The third (and by far the most murderous) means of destruction is due, not so much to rural peasantry as to cazadores—shooters from adjoining towns—men who should know better, and whom, in other respects, we might rank as good sportsmen; but who, alas! can see no shame in shooting the hen-bustards with their half-fledged broods in the standing corn during June and July—albeit the deed is done in direct contravention of the game-laws! Dogs, especially pointers, are employed upon this quest when the mother-bustards, being reluctant to leave their young, lie as close as September partridges in a root-crop; while the broods, either too terrified or too immature to fly, are frequently caught by the dogs. We regret that there are those who actually descant with pride upon having slaughtered a dozen or more of these helpless creatures in a day; while others are only restrained from a like crime by the scorching solar heats of that season.

More bustards are killed thus than by all the other methods combined—a hundred times more than by our scientific and sportsmanlike system of driving presently to be described.

Except for this unworthy massacre of mothers with their broods in summer, and the two clumsy artifices before mentioned, the bustards are left practically unmolested—their wildness and the open nature of their haunts defy all the strategy of native fowlers. The hen-bustard deposits her eggs—usually three, but on very rare occasions four—among the green April corn; incubation and the rearing of the young take place in the security of vast silent stretches of waving wheat. The young bustards grow with that wheat, and, ere it is reaped (unless prematurely massacred), are able to take care of themselves. A somewhat more legitimate method of outwitting the great bustard is practised at this season.
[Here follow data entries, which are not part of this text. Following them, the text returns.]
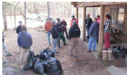
Outside Harden cabin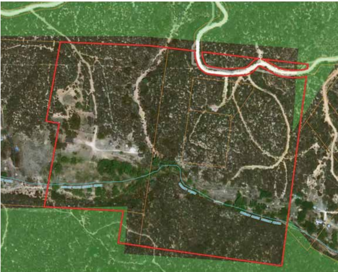
CSR Aerial Map

Water Rights: approximately 2.0 acres have historically been irrigated by surface water dating prior to 1900 and has been acknowledged by SRP. There is a total of approximately 27 acre feet of water rights with the property. The uses stated for the water rights include domestic, irrigation, livestock and wildlife uses.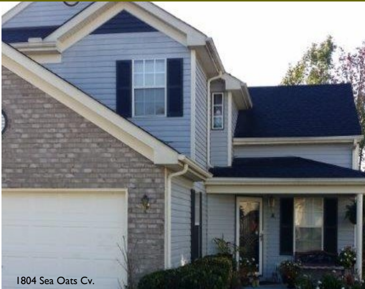
1804 Sea Oats Cv.

During harvest, while the country is being cleared of crops, the birds become accustomed to see bullock-carts daily passing with creaking wheel to carry away the sheaves from the stubble to the era, or levelled threshing-ground, where the grain is trodden out, Spanish fashion, by teams of mares. The loan of a carro with its pair of oxen and their driver having been obtained, the cart is rigged up with estéras—that is, esparto-matting stretched round the uprights which serve to hold the load of sheaves in position. A few sacks of straw thrown on the floor of the cart save one, in some small degree, from the merciless jolting of this primitive conveyance on rough ground. Two or three guns can find room therein, while the driver, lying forward, directs the team with a goad.

This moving battery fairly resembles a load of sheaves, and well do we remember the terrible, suffocating heat we have endured, shut up for hours in this thing during the blazing days of July and August. The result, nevertheless, repays all suffering. We refer to no mere cynegetic pride but to the enduring joy of observing, at close quarters and still unsuspicious, these glorious game-birds at home on their private plains. The local idea is to fire through a slit previously made in the estéras; but somehow, when the cart stops and the game instantly rises, you find (despite care and practice) that the birds always fly in a direction you cannot command or where the narrow slit forbids your covering them. Hence we adopted the plan of sliding off behind as the cart pulled up, thus firing the two barrels with perfect freedom. We have succeeded by this means in bringing to bag many pairs of bustard during a day’s manœuvring.

We now come to the system of bustard-driving, which we regard as practically the only really legitimate method of dealing with this grand game. From the end of August onwards the young bustards are perfectly capable of taking care of themselves. The country is then cleared of crops, and while this precludes the birds being “done to death” as in the weeks immediately preceding, yet the ubiquitous thistles (often of gigantic size, ten or twelve feet in height), charlock, and viznagas provide welcome covert for concealing the guns, while the heat still renders the game somewhat more susceptible to the artifices of the fowler. This is the easiest period.

As the season advances the hunter’s difficulties increase. The brown earth becomes daily more and more naked, while files of slow-moving ox-teams everywhere traverse the stubble, ploughing league-long furrows twenty abreast. These factors combine to aid the game and stretch to its utmost limit the venatic instincts of the fowler.

Let us now attempt to describe a day’s bustard-driving on scientific lines. The district having being selected, it is advisable to send out the night before a trustworthy scout who will sleep at the cortijo and be abroad with the dawn in order to locate precisely the various bandadas, or troops of bustard, in the neighbourhood. The shooting-party (three or four guns for choice, but in no case to exceed six[44]) follow in the morning—riding, as a rule, to the rendezvous; though should there be a high-road available it is sometimes convenient to drive (or nowadays even to motor), having in that case sent the saddle-horses forward, along with the scout, on the previous day.

Arrived at the cortijo, the scout brings in his report, and at once guns and drivers, all mounted, proceed towards the nearest of the marked bandadas. Not only are the distances to be covered so great as to render riding a necessity, but the use of horses has this further advantage that bustard evince less fear of mounted men and thus permit of nearer approach. The drivers should number three—the centre to flush the birds, two flankers to gallop at top speed in any direction should the game diverge from the required course or attempt to break out laterally.